[The records]:
'''
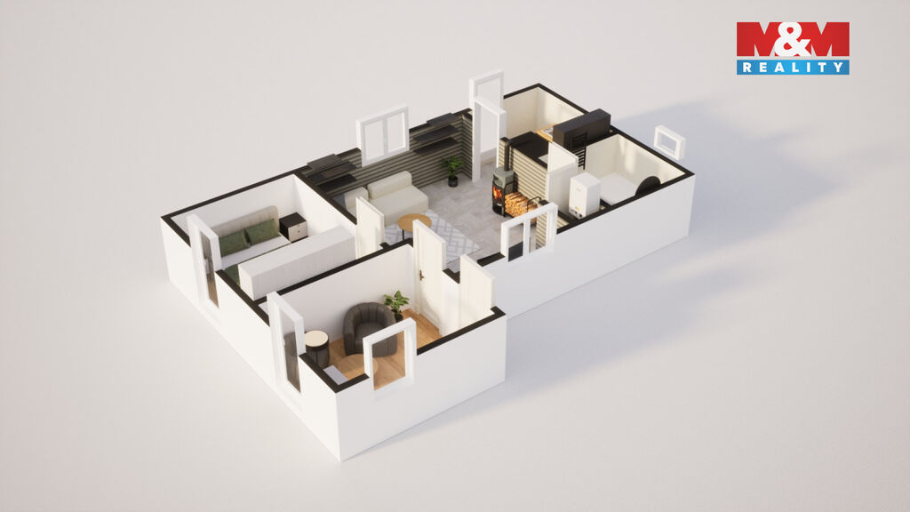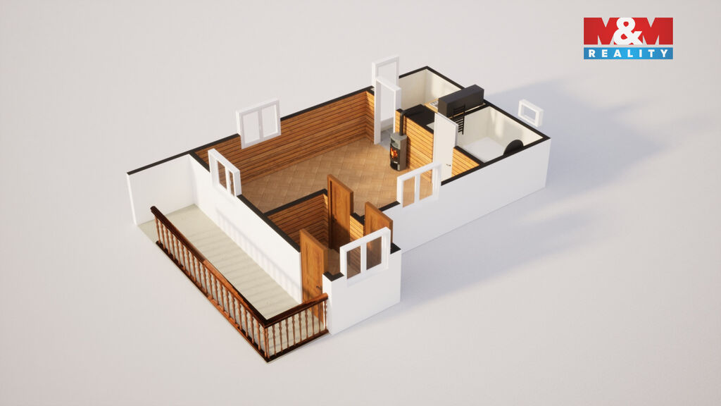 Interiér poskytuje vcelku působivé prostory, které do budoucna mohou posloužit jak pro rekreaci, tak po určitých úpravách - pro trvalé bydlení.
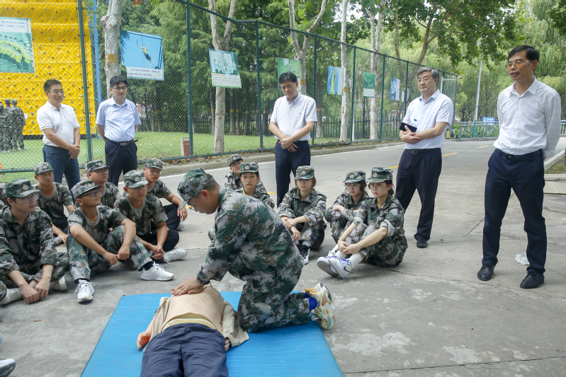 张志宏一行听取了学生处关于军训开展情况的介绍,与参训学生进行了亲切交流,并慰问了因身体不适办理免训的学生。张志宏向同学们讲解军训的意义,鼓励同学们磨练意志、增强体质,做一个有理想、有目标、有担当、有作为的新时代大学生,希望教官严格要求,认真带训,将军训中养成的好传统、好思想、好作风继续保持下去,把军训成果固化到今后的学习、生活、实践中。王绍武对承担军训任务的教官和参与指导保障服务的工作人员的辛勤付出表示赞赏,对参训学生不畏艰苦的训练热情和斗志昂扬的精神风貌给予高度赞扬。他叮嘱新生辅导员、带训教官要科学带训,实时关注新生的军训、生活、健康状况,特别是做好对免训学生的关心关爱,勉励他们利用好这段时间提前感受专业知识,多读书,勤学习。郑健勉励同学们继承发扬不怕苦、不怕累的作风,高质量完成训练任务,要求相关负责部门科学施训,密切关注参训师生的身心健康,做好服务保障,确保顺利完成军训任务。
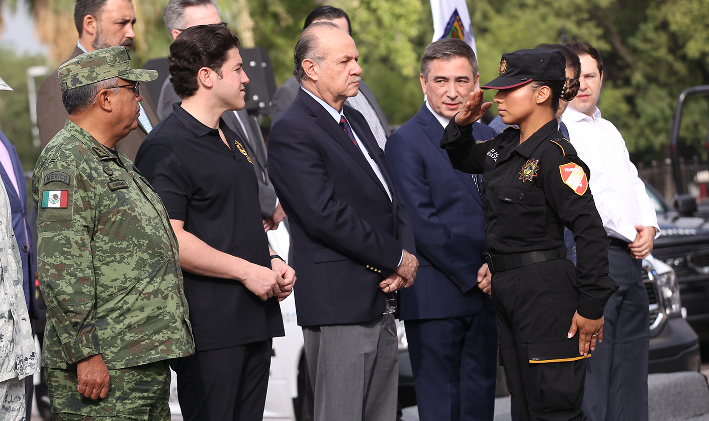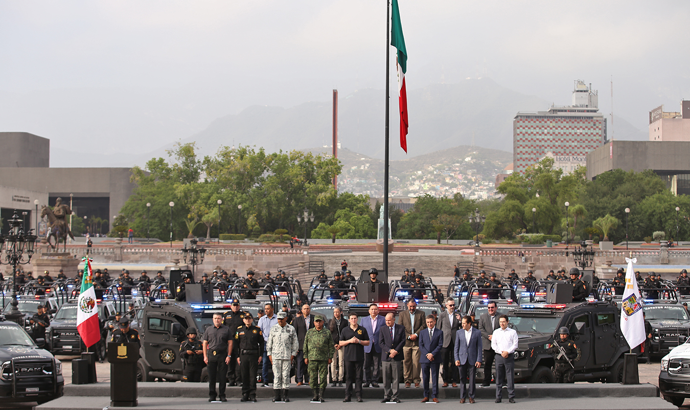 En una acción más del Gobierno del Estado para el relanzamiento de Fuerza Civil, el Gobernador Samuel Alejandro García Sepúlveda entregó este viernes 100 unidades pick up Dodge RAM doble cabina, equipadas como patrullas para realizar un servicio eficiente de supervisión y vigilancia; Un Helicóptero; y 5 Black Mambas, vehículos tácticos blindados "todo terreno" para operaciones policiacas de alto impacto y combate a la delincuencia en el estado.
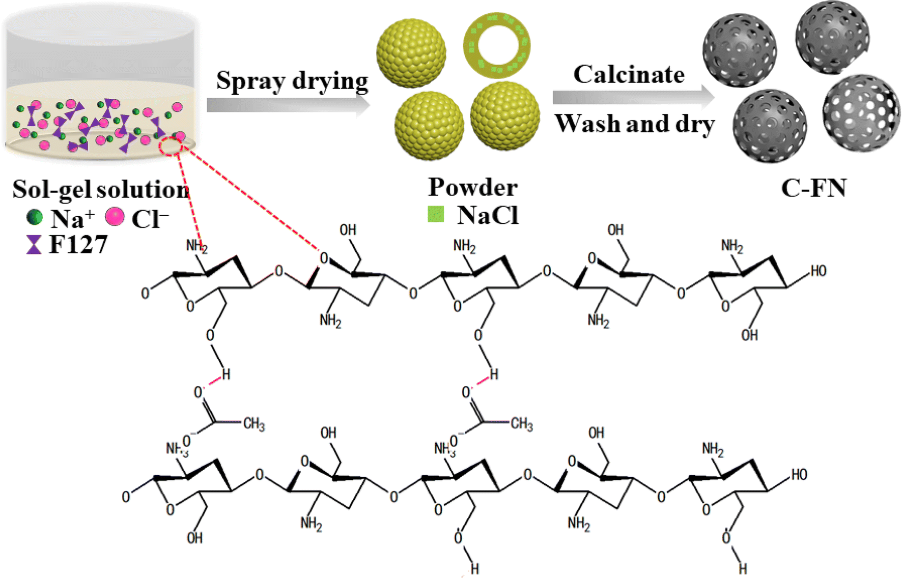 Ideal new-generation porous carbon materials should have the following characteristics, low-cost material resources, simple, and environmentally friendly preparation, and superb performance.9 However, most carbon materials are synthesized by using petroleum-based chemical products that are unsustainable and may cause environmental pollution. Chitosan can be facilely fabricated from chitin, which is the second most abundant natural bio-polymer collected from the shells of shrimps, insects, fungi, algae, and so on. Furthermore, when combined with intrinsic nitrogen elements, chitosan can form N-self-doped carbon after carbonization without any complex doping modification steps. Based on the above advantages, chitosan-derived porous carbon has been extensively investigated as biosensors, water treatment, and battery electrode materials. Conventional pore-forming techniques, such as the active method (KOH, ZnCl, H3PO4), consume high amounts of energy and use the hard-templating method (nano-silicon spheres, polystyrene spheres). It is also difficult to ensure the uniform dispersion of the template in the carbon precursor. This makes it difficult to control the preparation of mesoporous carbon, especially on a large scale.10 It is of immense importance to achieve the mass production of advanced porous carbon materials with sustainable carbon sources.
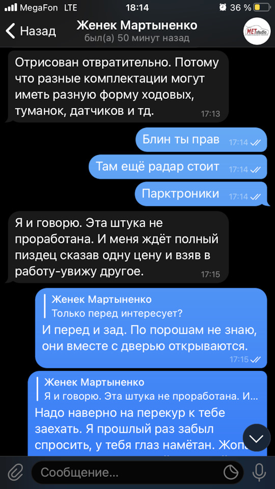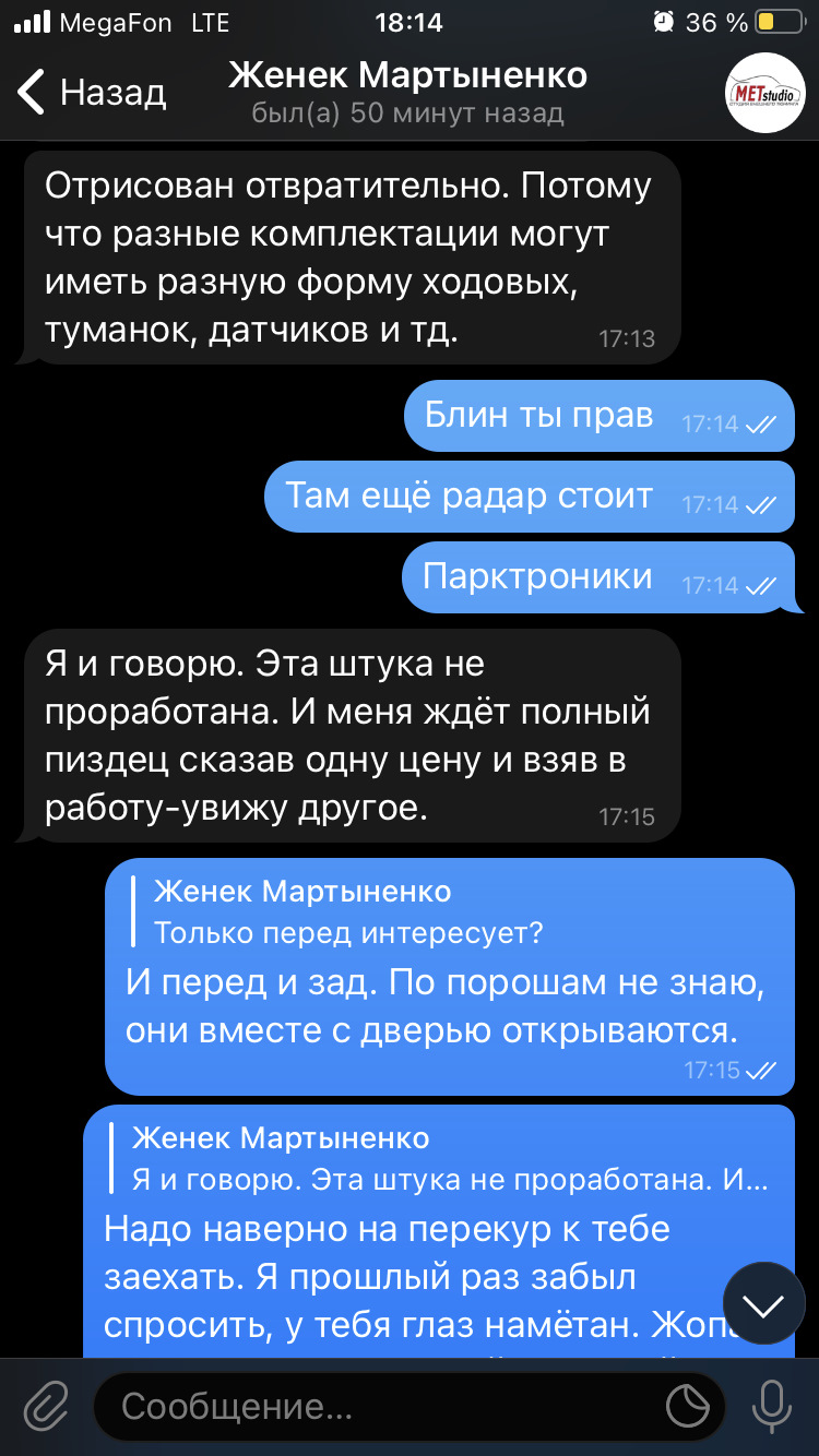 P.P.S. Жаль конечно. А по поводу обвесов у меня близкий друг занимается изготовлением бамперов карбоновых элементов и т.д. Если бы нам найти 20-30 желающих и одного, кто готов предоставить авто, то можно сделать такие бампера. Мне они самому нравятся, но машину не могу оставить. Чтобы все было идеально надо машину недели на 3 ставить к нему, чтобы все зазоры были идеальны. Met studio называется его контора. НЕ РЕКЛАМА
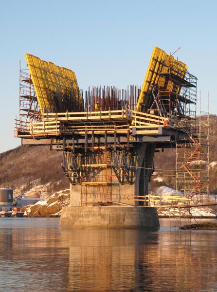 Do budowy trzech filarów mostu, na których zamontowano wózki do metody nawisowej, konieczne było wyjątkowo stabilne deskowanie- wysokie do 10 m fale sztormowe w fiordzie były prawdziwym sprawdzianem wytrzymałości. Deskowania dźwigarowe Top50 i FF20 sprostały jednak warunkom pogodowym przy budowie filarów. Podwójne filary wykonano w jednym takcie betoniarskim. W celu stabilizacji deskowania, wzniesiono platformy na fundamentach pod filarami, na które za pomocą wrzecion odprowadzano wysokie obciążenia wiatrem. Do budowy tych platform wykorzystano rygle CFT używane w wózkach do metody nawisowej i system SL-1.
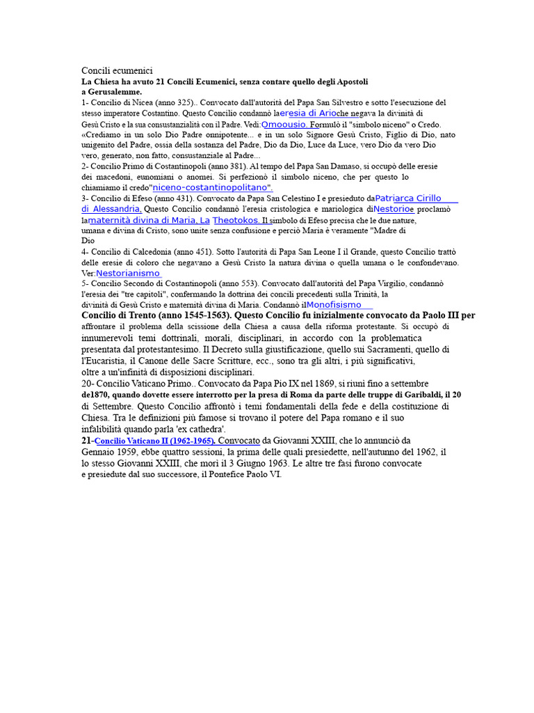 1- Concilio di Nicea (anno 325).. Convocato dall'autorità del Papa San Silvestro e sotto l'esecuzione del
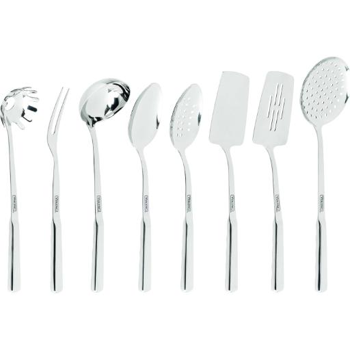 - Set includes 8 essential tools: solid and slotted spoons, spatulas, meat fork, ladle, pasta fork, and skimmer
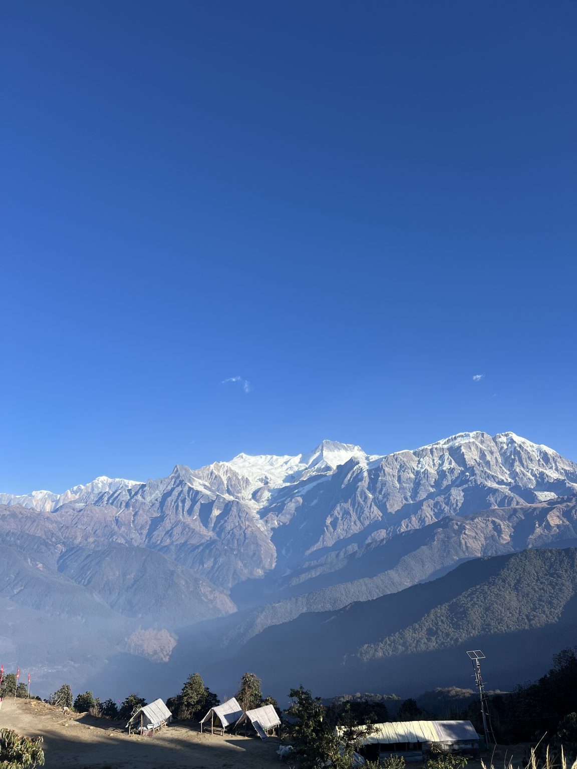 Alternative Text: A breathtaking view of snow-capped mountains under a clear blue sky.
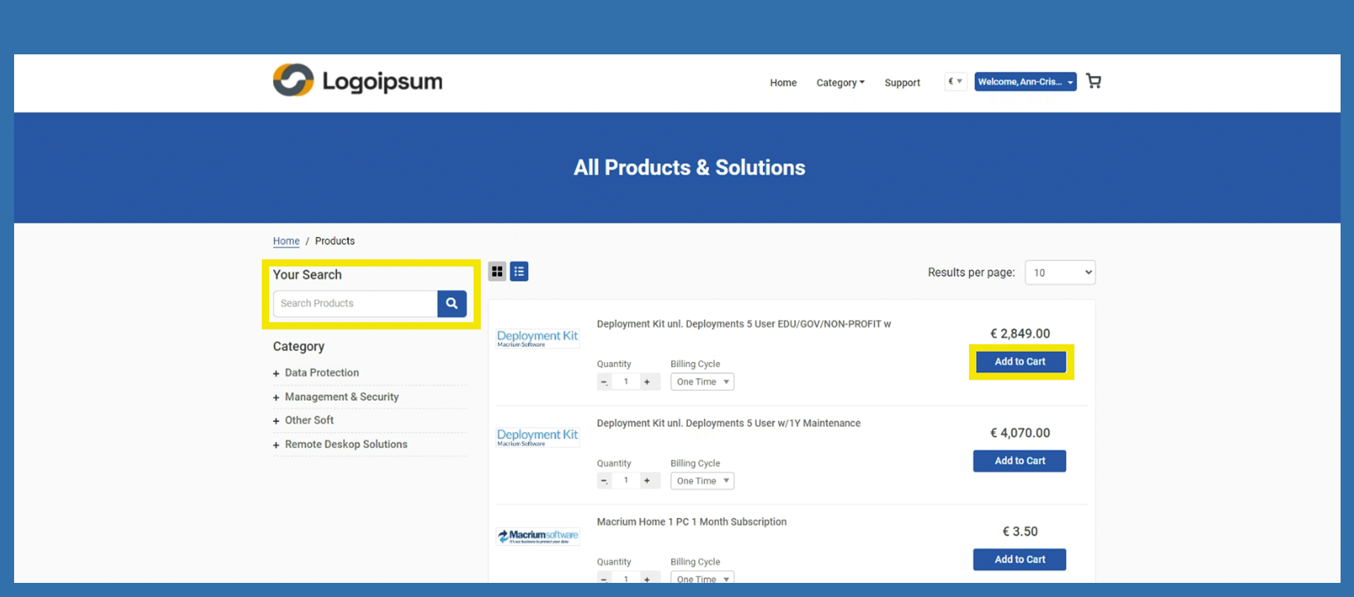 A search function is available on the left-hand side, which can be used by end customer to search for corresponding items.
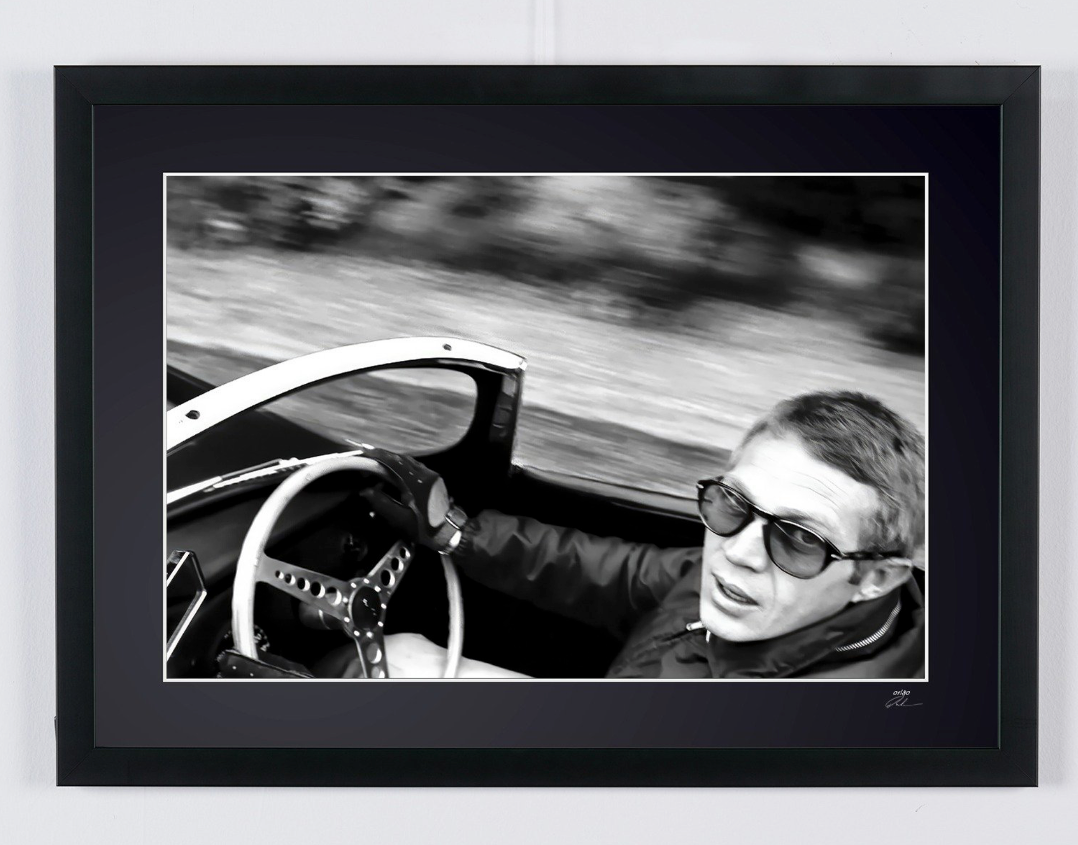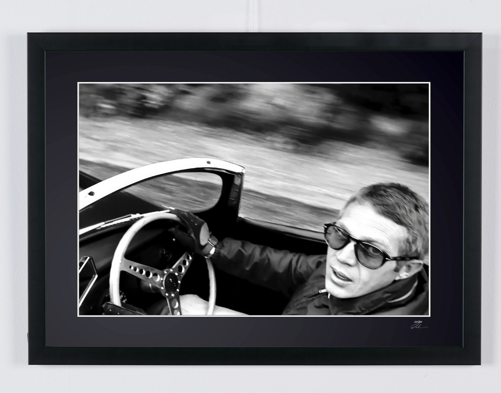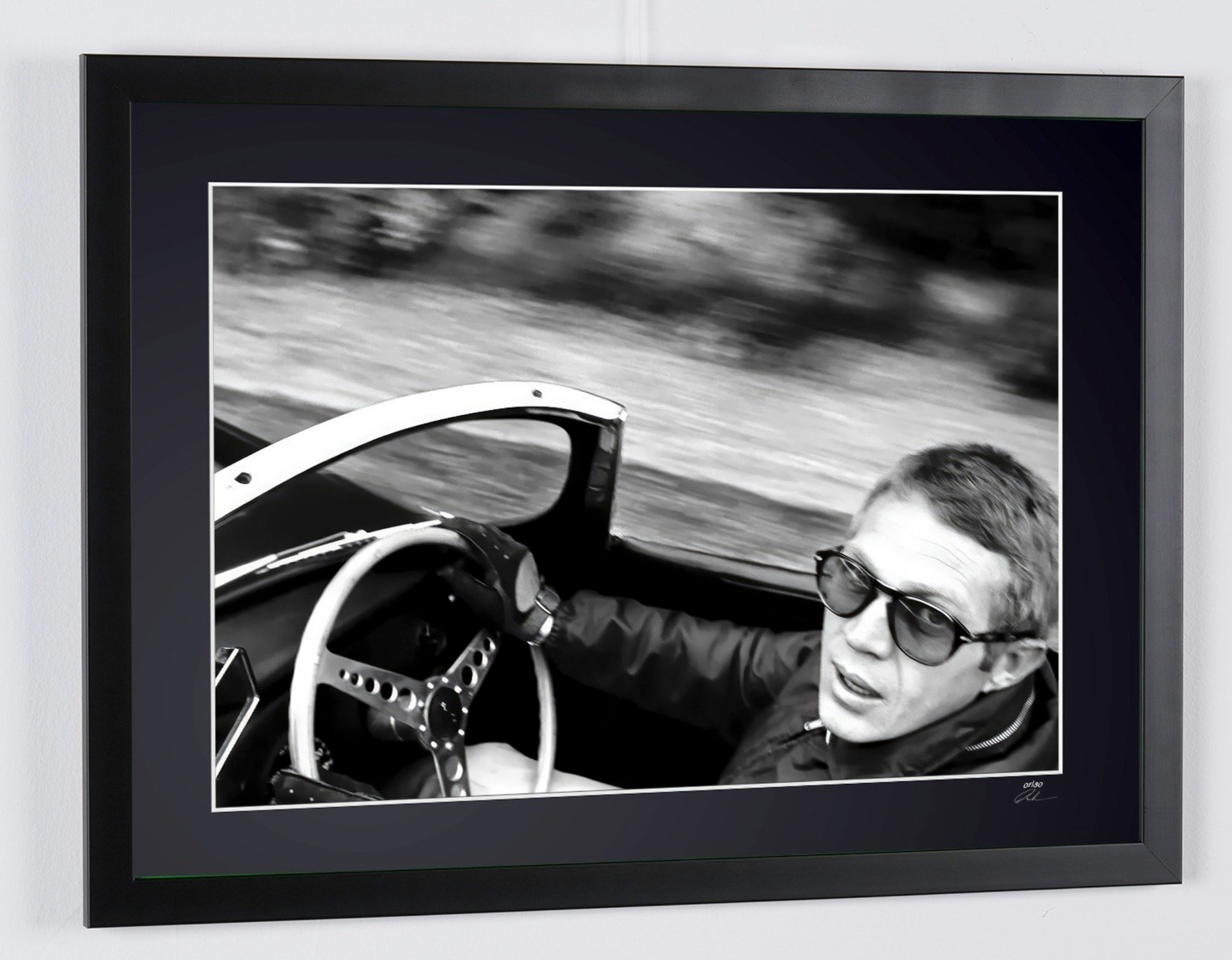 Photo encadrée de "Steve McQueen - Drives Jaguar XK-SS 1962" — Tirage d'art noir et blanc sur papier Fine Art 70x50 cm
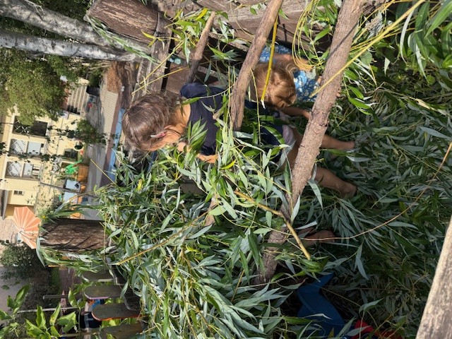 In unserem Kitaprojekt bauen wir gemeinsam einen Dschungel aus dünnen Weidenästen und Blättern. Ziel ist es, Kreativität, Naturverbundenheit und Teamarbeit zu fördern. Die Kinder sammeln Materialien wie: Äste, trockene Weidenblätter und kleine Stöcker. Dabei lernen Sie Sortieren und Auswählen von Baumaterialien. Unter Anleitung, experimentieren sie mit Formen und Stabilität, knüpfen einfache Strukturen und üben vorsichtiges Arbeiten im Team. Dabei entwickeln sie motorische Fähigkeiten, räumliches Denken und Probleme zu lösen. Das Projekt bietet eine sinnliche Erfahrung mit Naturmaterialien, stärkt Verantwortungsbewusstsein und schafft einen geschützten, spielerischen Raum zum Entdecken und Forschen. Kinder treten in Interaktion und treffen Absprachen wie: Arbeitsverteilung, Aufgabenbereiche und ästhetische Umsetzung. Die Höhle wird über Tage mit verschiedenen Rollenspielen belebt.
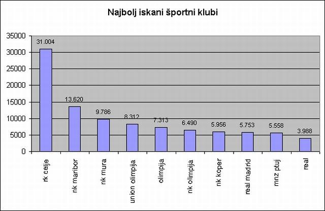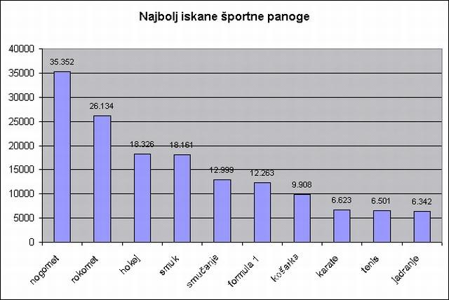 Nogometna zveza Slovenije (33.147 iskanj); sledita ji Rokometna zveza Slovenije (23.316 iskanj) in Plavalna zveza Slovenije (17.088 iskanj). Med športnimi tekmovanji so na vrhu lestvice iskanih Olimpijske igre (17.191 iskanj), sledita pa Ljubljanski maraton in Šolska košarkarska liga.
'''
[Exercise directions]: Above are entries with pictures among them. Write out exactly the lines from the one containing "Photo encadrée de" through the one containing "In unserem Kitaprojekt", ends included, and leave those pictures out.

[Output below]:
 Photo encadrée de "Steve McQueen - Drives Jaguar XK-SS 1962" — Tirage d'art noir et blanc sur papier Fine Art 70x50 cm
 In unserem Kitaprojekt bauen wir gemeinsam einen Dschungel aus dünnen Weidenästen und Blättern. Ziel ist es, Kreativität, Naturverbundenheit und Teamarbeit zu fördern. Die Kinder sammeln Materialien wie: Äste, trockene Weidenblätter und kleine Stöcker. Dabei lernen Sie Sortieren und Auswählen von Baumaterialien. Unter Anleitung, experimentieren sie mit Formen und Stabilität, knüpfen einfache Strukturen und üben vorsichtiges Arbeiten im Team. Dabei entwickeln sie motorische Fähigkeiten, räumliches Denken und Probleme zu lösen. Das Projekt bietet eine sinnliche Erfahrung mit Naturmaterialien, stärkt Verantwortungsbewusstsein und schafft einen geschützten, spielerischen Raum zum Entdecken und Forschen. Kinder treten in Interaktion und treffen Absprachen wie: Arbeitsverteilung, Aufgabenbereiche und ästhetische Umsetzung. Die Höhle wird über Tage mit verschiedenen Rollenspielen belebt.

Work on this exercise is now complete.